In the commodity markets, Brent crude futures traded around $79 per barrel on Friday following a sharp selloff this week, after US President Donald Trump signed a deal with his Iranian counterpart Masoud Pezeshkian to end the war in the Middle East, while the International Energy Agency flagged a supply glut next year. However, follow up talks between the US and Iran in Switzerland scheduled to take place at Bürgenstock on Friday were called off, underscoring lingering uncertainty over efforts to turn an interim agreement into a lasting peace settlement.

The International Energy Agency expects a lasting resolution to the conflict will result in significantly higher supply volumes and spark a major oil overhang next year. Global supply is now expected to drop by 3.9 million barrels per day on average in 2026 to 102.4 million barrels per day, before recovering to 110.3 million barrels per day next year, according to its latest monthly oil market report. While lower oil prices may reduce chances of energy prices leading to a broader inflation problem, oil remains above pre-conflict levels, shipping normalisation will take time, and inventories and strategic reserves still need to be replenished.

Gold prices traded around $4,155 an ounce on Friday and are set for a weekly fall, pressured by hawkish policy signals from the Federal Reserve and a stronger dollar, while the US-Iran ceasefire deal dialled back inflation concerns.

Equity markets

US equity futures pulled back slightly on Friday after a positive week, as strength in technology companies and optimism over the US-Iran peace deal offset concerns over a hawkish Federal Reserve. In Thursday’s regular trading session, the Dow Jones Industrial Average rose 0.14%, the S&P 500 gained 1.08%, whilst the Nasdaq Composite advanced 1.91%.

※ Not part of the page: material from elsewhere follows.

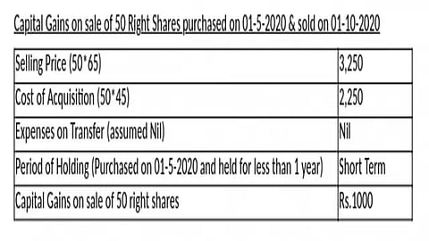 You received 100 shares in the rights issue, sold 50 rights (shown in the above example), and exercised your rights to buy the remaining 50 shares at Rs 45 each. So, when you sold your 50 shares, which you purchased in the rights issue at Rs 45 each, for Rs 65 in the market, you gained Rs 20 per share, which is your profit. Since you bought these 50 shares in May 2020 and sold them in October 2020, short-term capital gains tax will apply.

The Federal Reserve held interest rates steady in the 3.50%-3.75% range at its meeting this week, but policymakers expect a hike in borrowing costs later this year amid growing concerns about inflation remaining above the US central bank’s 2% target. Nine of the central bank’s 19 policymakers now believe they will need to raise rates this year, according to the new quarterly projections.

Federal Reserve Chair Kevin Warsh vowed during his debut press conference following a meeting on Wednesday that the central bank “will deliver price stability” to contain an inflationary surge fuelled by Donald Trump’s Iran war. The Federal Reserve also delivered an unexpectedly hawkish slate of projections, showing that nine of 18 officials who submitted estimates expect higher rates by the end of 2026, a powerful shift from March when no officials anticipated rises.

Warsh, who had said he objects to the projections before becoming Federal Reserve Chair, declined to provide his own forecasts. Warsh’s focus on inflation, combined with other officials’ forecasts, ignited a sell-off in the prices of short-term US government debt, which reflects markets’ bets on what will happen to interest rates. The two-year Treasury yield rose to around 4.2%, the highest in 16 months, as markets priced in a rate rise in October. Investors were expecting rate cuts this year before the Iran war began.

The information provided in this communication is not advice or a personal recommendation, and you should not make any investment decisions on the basis of it. If you are unsure of whether an investment is right for you, please seek advice. If you choose to invest, your capital may be at risk and the value of an investment may fall as well as rise in value, so you could get back less than you originally invested.